Nationaltheater Mannheim, Donizetti: Don Pasquale, Premiere am 31.1.2020

Don Pasquale, die drittletzte Oper Donizettis, findet sich zwar regelmäßig im Repertoire, wird aber oft szenisch wie musikalisch unterschätzt. Selten nehmen sich Generalmusikdirektoren oder etablierte Regisseure der Oper an. 

Das junge Team um die Regisseurin CORDULA DÄUPER und den Kapellmeister JANIS  LIEPINS nun am Nationaltheater Mannheim bieten, um es gleich zu sagen, keine gewichtige Interpretation des Stoffes. So simpel und fast dümmlich, wie hier die Geschichte daher kommt, ist sie eigentlich nicht. Statt den jungen Sängern ein wenig in ihren Arien zu vertrauen und mit ihnen an den Charakteren zu arbeiten, garniert die Regie, oft störend und sinnfrei Auftritte von Statisten dazu, die in ihrer dürftigen Bühnenpräsenz die Szene aber eher untergraben. Da ist eine „niedliche“ Pudelpuppe beim teilweise wenig anspruchsvollen Publikum schon das Highlight eines ganzen Aktes. Die Beziehungen untereinander bleiben sporadisch, Entwicklungen oder Verwicklungen sucht man vergebens.

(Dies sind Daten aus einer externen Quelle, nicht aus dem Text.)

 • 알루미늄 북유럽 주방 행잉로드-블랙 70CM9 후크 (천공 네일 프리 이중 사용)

SILVIA RIEGERs Bühne könnte mit ihren grauen Papphöusern uncharmanter nicht konstruiert sein, SOPHIE DU VINAGEs Kostüme machen aus den Männern alberne Trottel und die einzige Frau zur überzogenen Bikerin, die mit ihrem Motorrad dämliche Dauerkreise dreht. Die Verwandlung zur keuschen Klosterschülerin macht Norina erst gar nicht richtig, sondern zieht sich gleich rote Highheels an, um dem fernsehsüchtigen, harmlosen Rentner Pasquale aufzumischen. Ernesto und Malatesta ähneln sich in ihrer Verklemmtheit und Tatenlosigkeit, sodass es zu richtigen Konflikten erst gar nicht kommt.

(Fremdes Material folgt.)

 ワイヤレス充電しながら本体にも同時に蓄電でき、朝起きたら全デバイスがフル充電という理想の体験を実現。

Leider geht es auch musikalisch eher lauwarm zu. Gleich nach wenigen Takten der Ouvertüre, wenn das Serenadenthema angestimmt wird, sind sich Violoncello und Fagott in der Phrasierung uneins, das berühmte Trompetensolo in der Tenorarie findet kein Melos, aber gravierender: die heiklen Ensembles werden klanglich zu schnell dick und undurchsichtig, orchestral schnell zu laut.

Und so sind die Solisten des Abends oft alleingelassen. Alle debütieren in ihren Rollen und machen ihre Sache zumindest stimmlich ansprechend.

AMELIA SCICOLONE besitzt einen schönen, feinen und höhenoffenen Sopran, den sie musikalisch zielsicher einsetzt. Szenisch mimt sie meist die kratzbürstige Furie und spart an anderen Nuancierungen.

BARTOSZ URBANOWICZ in der Titelfigur ist eher der gutmütige Opa, der sympathisch, jedoch ein wenig eindimensional und stimmlich monochrom den Einfältigen gibt. Gar nicht als Strippenzieher, sondern als ungelenker Penäler spielt NICOLA DISCIC den Dottore Malatesta, singt ihn aber mit raumgreifenden Bariton, der nur ganz gelegentlich Nerven zeigt. JURAI HOLLY ist nicht zu beneiden und muss sich in seiner gefürchteten Ernesto- Arie eine Pudelmütze aufziehen und sich der herabfliegenden Schneeflocken erwehren. Sein körniger Tenor meistert die Schwierigkeiten jedoch souverän. 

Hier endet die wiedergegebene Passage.